(Collected data entries)
*** Begin section ***
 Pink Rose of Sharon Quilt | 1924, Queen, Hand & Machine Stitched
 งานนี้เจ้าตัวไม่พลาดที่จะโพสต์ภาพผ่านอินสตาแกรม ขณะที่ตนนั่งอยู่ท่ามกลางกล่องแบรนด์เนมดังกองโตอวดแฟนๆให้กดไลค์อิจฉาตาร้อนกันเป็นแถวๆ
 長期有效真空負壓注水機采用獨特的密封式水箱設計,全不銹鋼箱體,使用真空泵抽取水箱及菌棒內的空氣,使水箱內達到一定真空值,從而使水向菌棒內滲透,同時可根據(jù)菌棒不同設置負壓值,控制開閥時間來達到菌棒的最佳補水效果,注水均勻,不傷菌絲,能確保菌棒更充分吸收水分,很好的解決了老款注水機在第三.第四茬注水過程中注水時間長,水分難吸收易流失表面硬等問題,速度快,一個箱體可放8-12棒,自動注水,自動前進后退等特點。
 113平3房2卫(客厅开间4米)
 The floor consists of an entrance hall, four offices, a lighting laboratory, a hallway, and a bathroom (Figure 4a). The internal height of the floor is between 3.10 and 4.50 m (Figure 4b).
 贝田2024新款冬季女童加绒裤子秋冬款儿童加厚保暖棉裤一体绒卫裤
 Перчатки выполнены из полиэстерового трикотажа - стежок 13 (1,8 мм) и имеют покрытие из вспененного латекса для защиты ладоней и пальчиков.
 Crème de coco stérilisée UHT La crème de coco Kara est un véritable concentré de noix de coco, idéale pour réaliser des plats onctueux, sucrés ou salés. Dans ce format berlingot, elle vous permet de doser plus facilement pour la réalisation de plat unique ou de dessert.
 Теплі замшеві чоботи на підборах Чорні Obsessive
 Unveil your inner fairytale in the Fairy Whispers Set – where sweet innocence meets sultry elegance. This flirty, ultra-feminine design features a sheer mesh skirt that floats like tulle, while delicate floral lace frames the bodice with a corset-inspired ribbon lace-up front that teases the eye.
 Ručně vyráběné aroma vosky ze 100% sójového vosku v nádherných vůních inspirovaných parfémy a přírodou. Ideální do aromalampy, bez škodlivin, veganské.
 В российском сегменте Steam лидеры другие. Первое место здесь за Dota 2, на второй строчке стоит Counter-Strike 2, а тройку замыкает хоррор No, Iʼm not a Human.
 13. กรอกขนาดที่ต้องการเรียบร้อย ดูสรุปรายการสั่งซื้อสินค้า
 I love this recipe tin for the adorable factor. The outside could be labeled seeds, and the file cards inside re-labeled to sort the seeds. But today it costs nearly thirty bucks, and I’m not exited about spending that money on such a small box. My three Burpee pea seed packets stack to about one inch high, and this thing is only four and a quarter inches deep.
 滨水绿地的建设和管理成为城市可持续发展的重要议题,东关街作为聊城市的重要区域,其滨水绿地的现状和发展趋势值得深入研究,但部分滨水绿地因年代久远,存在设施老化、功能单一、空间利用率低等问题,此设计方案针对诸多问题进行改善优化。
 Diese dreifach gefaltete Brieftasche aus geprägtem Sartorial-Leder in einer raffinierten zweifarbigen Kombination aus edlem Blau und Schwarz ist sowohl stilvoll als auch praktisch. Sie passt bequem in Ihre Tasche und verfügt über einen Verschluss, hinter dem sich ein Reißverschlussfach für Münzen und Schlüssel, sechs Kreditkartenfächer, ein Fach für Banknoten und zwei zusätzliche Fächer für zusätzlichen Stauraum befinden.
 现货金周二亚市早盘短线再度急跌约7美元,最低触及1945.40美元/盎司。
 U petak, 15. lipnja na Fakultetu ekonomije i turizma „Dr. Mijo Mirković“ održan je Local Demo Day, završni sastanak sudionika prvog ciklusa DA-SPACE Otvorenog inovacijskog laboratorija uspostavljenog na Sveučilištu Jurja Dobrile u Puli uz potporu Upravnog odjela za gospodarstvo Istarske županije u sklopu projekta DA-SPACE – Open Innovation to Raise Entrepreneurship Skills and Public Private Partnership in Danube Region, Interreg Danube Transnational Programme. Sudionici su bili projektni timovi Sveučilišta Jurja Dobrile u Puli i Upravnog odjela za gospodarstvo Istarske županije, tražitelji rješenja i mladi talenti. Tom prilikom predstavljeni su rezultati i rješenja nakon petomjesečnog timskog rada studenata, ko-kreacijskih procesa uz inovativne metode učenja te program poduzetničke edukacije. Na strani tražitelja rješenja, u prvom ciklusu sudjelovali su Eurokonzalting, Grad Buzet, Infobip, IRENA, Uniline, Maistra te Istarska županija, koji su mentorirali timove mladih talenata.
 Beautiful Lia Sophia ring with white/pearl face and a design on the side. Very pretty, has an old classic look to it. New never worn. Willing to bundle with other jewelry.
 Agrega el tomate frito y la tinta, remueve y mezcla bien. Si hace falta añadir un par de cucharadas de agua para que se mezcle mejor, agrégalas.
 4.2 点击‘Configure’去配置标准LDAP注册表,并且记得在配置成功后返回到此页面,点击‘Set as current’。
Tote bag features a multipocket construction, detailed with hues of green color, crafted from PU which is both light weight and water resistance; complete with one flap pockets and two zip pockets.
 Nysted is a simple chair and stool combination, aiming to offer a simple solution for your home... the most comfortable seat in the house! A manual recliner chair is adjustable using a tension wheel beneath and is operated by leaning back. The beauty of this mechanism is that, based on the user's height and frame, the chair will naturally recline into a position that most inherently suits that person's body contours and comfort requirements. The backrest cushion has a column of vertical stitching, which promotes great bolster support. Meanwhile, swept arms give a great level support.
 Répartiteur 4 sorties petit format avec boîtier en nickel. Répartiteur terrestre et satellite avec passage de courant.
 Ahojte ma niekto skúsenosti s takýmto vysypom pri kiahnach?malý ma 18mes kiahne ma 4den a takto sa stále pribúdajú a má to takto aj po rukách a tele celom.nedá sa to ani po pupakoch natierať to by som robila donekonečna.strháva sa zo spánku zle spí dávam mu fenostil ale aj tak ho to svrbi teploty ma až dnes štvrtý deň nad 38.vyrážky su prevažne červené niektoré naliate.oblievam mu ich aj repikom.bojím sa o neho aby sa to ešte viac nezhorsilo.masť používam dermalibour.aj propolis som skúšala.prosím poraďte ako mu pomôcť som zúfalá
*** End section ***
PROBLEM
Above are the records; print exactly the lines from the line with "Теплі замшеві чоботи" to the line with "Ručně vyráběné aroma", including both, and nothing else.

WRITTEN ANSWER
 Теплі замшеві чоботи на підборах Чорні Obsessive
 Unveil your inner fairytale in the Fairy Whispers Set – where sweet innocence meets sultry elegance. This flirty, ultra-feminine design features a sheer mesh skirt that floats like tulle, while delicate floral lace frames the bodice with a corset-inspired ribbon lace-up front that teases the eye.
 Ručně vyráběné aroma vosky ze 100% sójového vosku v nádherných vůních inspirovaných parfémy a přírodou. Ideální do aromalampy, bez škodlivin, veganské.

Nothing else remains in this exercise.